Kategorie: Cala Caisa

Cala Caisa (*1986 in München) lebt und arbeitet als zeitgenössische abstrakte Künstlerin in München. Prägend für ihre künstlerische Entwicklung waren Jahre im Nahen Osten, wo sie einer internationalen, von Dynamik und kulturellem Wandel geprägten Kunstszene begegnete. Aus dieser Erfahrung heraus entstand ein Werk, das sich mit der Frage beschäftigt, wie innere Veränderungsprozesse sichtbar werden können. Ihre Arbeiten verbinden geometrische Malerei mit handvernähten Fäden und bewegen sich an der Schnittstelle von Bild, Textil und Raum.

Charakteristisch für ihre Bildsprache sind klare Formen, geschichtete Farbfelder und präzise gespannte Linien, die eine subtile räumliche Tiefe erzeugen. Je nach Lichteinfall, Distanz und Blickwinkel verändern sich Wahrnehmung und Wirkung der Arbeiten. Was zunächst stabil erscheint, gerät in Bewegung und wird zum visuellen Sinnbild von Perspektivwechsel, Entwicklung und innerer Ausrichtung.
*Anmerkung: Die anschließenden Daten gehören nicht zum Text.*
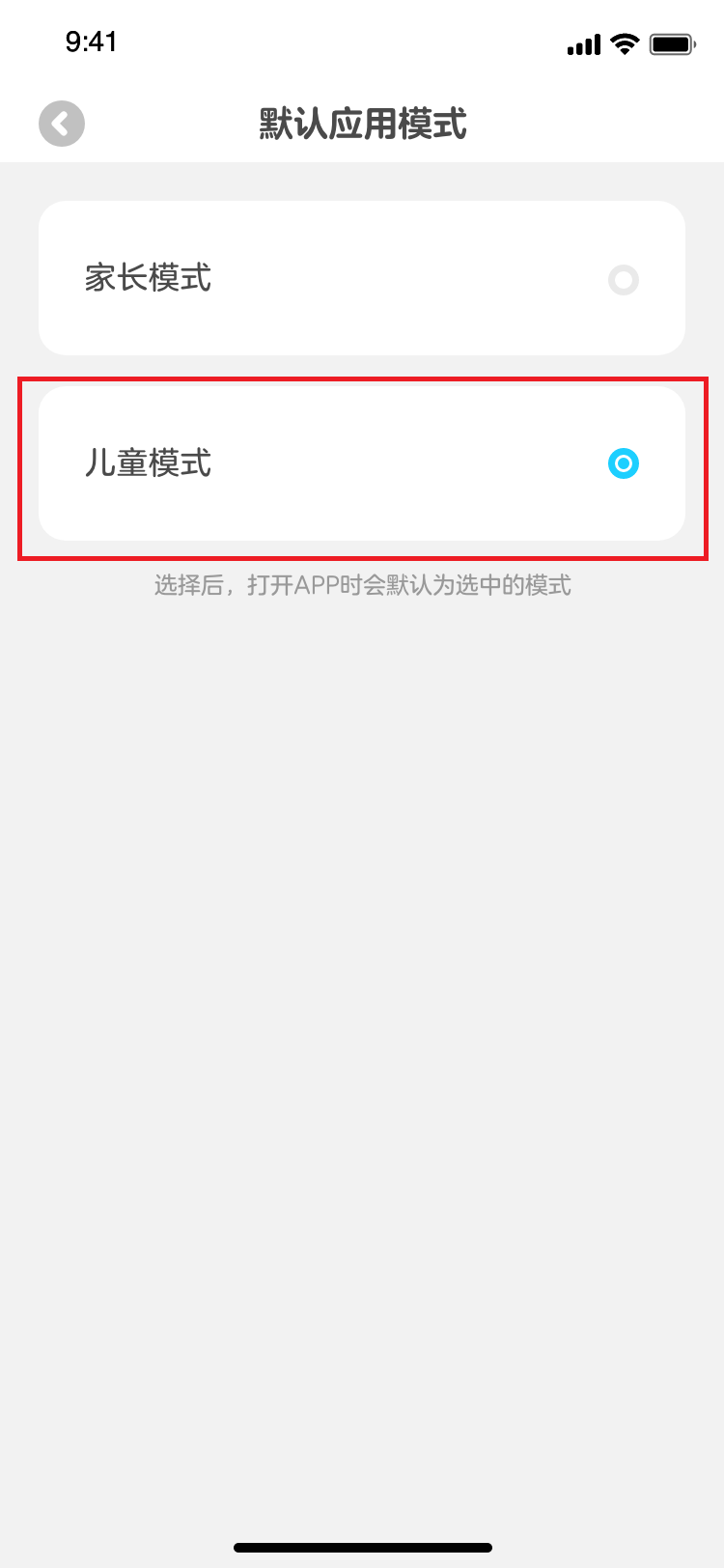 如果家长想引导孩子每日优先自主探索学习,还可在设置中心默认选中儿童模式,之后孩子每次打开就可以直接进入横版的儿童模式页面啦~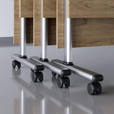 Design mobile Le ruote scorrevoli sulla robusta base in acciaio del tavolo semplificano lo spostamento del tavolo Flip da una posizione all'altra; i blocchi sulle ruote aiutano a mantenere il tavolo in posizione quando è parcheggiato e in uso.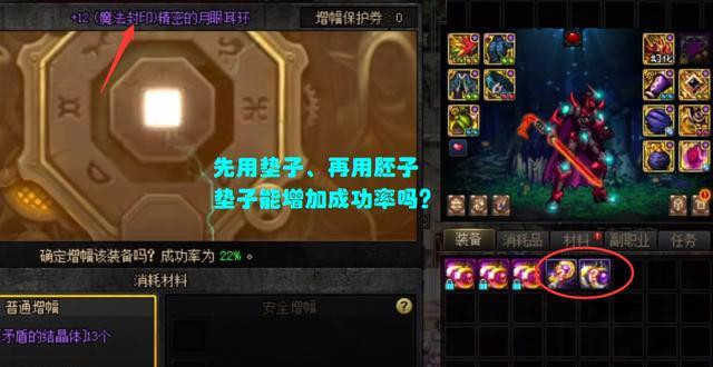 有玩家提到:如果直接把2万件红12装备拿去增幅,完全不用垫子,有没有希望冲上红18呢?有没有可能恰好就是垫子的存在,把本该成功的几率转移到了垫子上,而导致胚子装备没上去呢?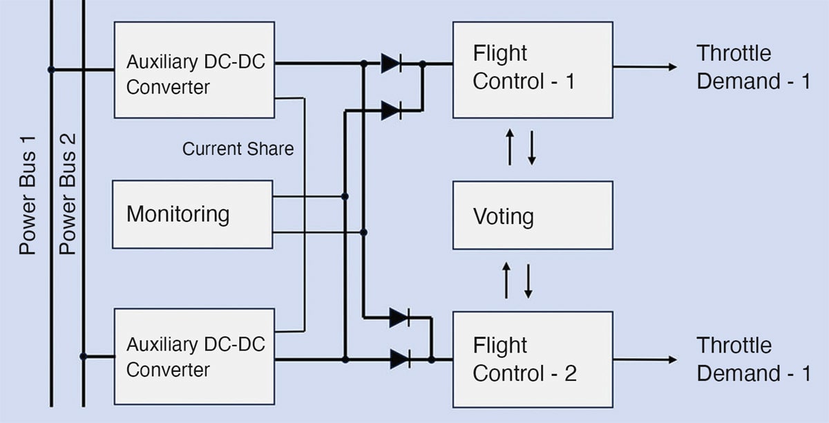 In this case, monitoring has to have the intelligence to detect if each DC-DC output is valid and if a gating diode fails short, which might not be otherwise noticed. If this happens, a DC-DC that fails with a shorted output to ground would drag down the supply to both flight control systems in the example of figure 1. In the figure, if the input of the ‘flight control’ block goes short, this would also take down both DC-DC outputs so a fuse or circuit breaker would be necessary in each power line.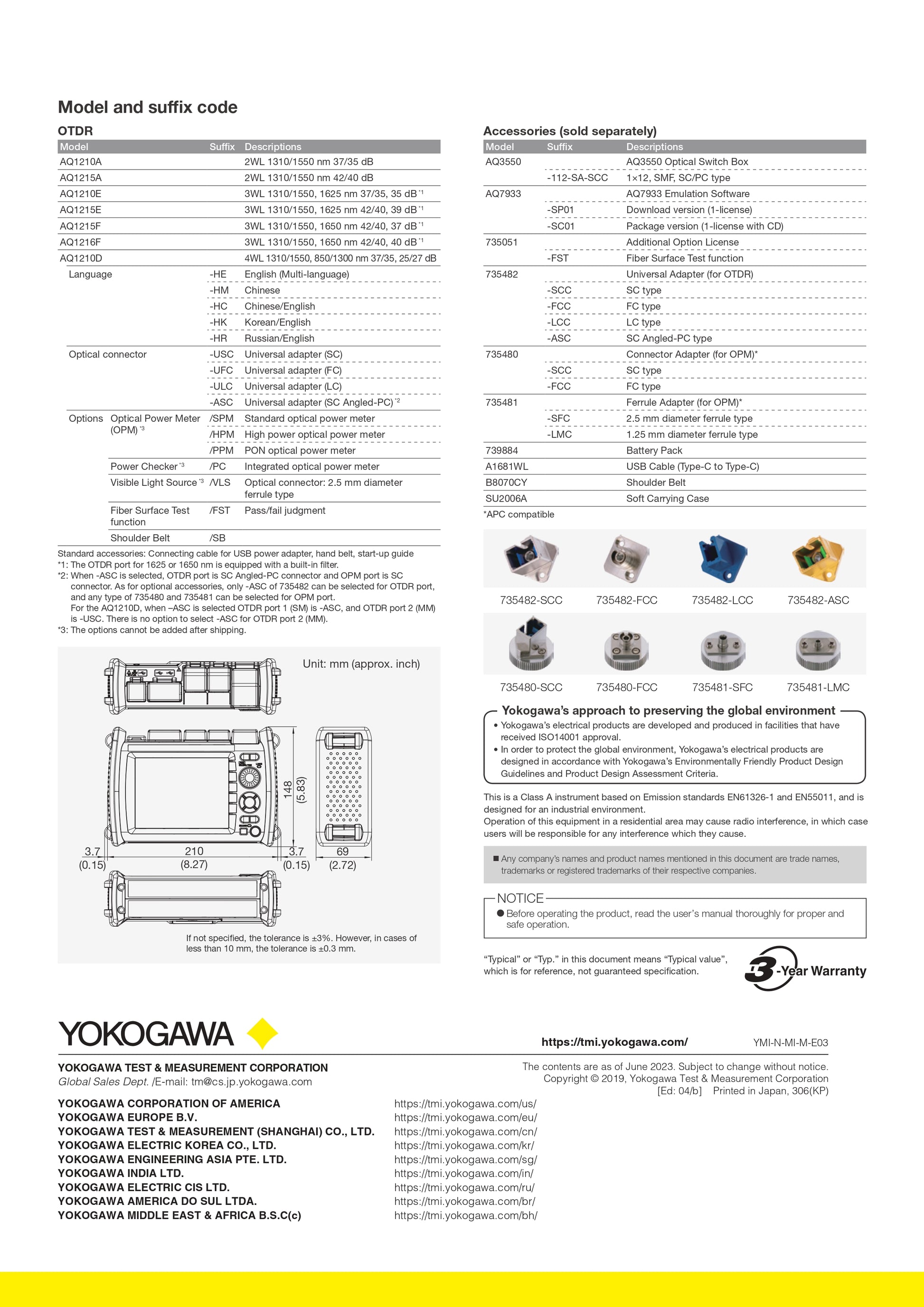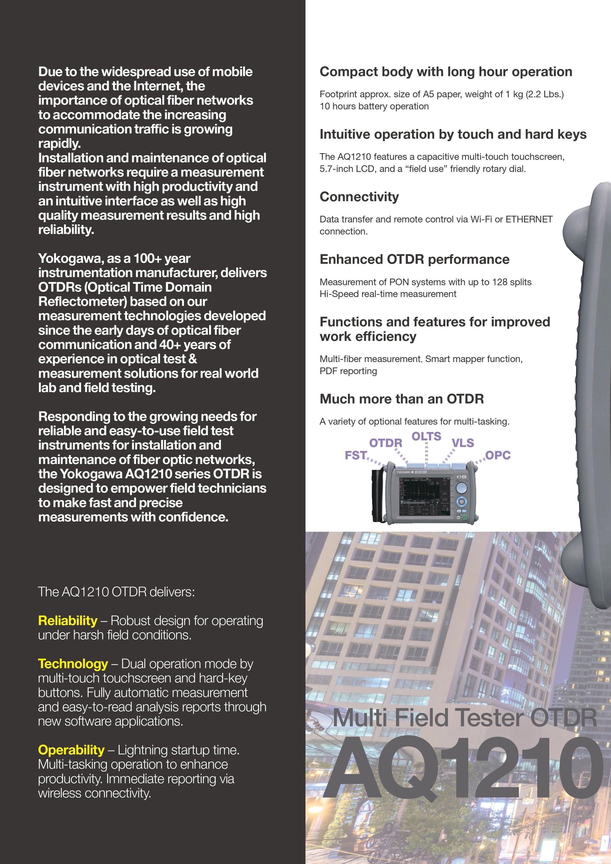 جهاز اختبار OTDR Yokogawa AQ1210D | SM/MM، 1310/1550/850/1300 نانومتر | نموذج الوصول/الشبكة المحلية مع شاشة متعددة اللمس وعمر بطارية طويل

Die Fäden fungieren dabei nicht nur als formales Element, sondern als sichtbare Spuren von Verbindung, Erinnerung und Transformation.

Im Zentrum von Cala Caisas künstlerischer Praxis steht der Moment des Übergangs: das Verlassen vertrauter Muster, das Überschreiten innerer Schwellen und das Vertrauen in das Unbekannte. Werkgruppen wie Limen Spei („Schwelle der Hoffnung“), Linea Temporis oder Sol Emergens greifen diese Themen auf und verdichten sie zu stillen, konzentrierten Bildräumen. Ihre Arbeiten eröffnen Orte der Reflexion, in denen Klarheit und Offenheit, Struktur und Emotion miteinander in Dialog treten. Sie laden dazu ein, innezuhalten, den eigenen Blick zu verändern und Veränderung als Möglichkeit zu begreifen.